So, if the model returns a probability score of a point belonging to a particular class, then do not use an accuracy metric.

2) Confusion Matrix

Before we move forward, keep note of these abbreviations:

I) TP: True Positive

II) FP: False Positive

III) FN: False Negative

IV) TN: True Negative

V) TPR: True Positive Rate

VI) TNR: True Negative Rate

VII) FPR: False Positive Rate

VIII) FNR: False Negative Rate

Again we’ll consider the binary classification task where we have two possibilities i.e. 0 (negative class) and 1 (positive class).

So we create a matrix of size 2x2. The limitation of the Confusion matrix is that it cannot process the probability scores.

Confusion Matrix

Given xᵢ’s and yᵢ’s the model predicts Yᵢ’s that belongs to one of the class labels.

Matrix:

For multi-class classification (‘c’ number of classes), we have cxc confusion matrix.

If the model is sensible, principle diagonal values should be high, and off-diagonal values should be zero ideally.

For binary classification, each cell of this matrix is given a name:

Here most of us get confused by the terminology, so here is a neat trick to remember it. Let’s consider TN as two different parts. The second part (N) implies “What is the predicted label by the model” and the first part (T) validates that prediction. So in this case, the Negative class label is predicted by the model and it is actually true which means it is correctly classified.

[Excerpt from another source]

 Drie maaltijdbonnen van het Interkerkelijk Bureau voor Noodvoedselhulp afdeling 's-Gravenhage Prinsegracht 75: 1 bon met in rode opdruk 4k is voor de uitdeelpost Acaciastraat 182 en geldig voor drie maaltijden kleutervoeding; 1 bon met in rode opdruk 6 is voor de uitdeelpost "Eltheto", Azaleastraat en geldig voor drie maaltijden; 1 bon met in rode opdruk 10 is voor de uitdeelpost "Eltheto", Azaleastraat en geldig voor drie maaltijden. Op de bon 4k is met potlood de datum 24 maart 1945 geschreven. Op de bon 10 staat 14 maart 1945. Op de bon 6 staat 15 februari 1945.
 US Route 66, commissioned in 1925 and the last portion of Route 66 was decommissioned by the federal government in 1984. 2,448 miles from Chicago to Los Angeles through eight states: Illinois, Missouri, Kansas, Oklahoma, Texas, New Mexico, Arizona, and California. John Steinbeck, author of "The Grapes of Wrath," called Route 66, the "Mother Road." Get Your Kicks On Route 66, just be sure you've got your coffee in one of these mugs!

FP is also known as Type 1 error and FN is also called Type 2 error.

Before moving ahead to understand 4 ratios, it is important to introduce few terms.

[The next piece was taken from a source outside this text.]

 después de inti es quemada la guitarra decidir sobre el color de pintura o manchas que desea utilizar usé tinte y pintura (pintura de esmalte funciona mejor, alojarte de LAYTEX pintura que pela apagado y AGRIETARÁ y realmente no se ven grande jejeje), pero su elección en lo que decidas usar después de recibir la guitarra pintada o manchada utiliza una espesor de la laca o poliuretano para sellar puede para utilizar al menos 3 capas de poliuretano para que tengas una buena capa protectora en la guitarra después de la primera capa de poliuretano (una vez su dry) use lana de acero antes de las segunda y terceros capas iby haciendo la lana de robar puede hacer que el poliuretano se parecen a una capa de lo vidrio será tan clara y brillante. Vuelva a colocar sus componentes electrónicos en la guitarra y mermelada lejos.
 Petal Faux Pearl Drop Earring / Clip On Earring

The sum of FN and TP is called “Total no. of positives (P)

The sum of TN and FP is called “Total no. of negatives (N)

n (total no. of points) = P + N.

a) True Positive Rate (TPR) = TP/P

b) True Negative Rate (TNR) = TN/N

c) False Positive Rate (FPR) = FP/N

d) False Negative Rate (FNR) = FN/P

Let us take an example of an imbalanced Test dataset that has 1000 points of which 900 points belong to the negative class and only 100 points belong to positive points. On constructing confusion matrix it has:

Let us now see those 4 ratios discussed earlier for a sensible model.

TPR = 94/100 = 94%

TNR = 850/900 = 94.44%

FPR = 50/900 = 5.55%

FNR = 6/100 = 6%

Let us now see those 4 ratios again but for a dumb model where it predicts every point to be negative class.

TPR = 0/100 = 0%

TNR = 900/900 = 100%

FPR = 0/900 = 0%

FNR = 100/100 = 100%

Ideally, we want TPR and TNR to be high ratios and FPR, FNR to be low ratios but from this case, we see that there is something fishy going on. So unlike accuracy, a confusion matrix along with these 4 ratios can help us understand the performance of our model even if the dataset is imbalanced.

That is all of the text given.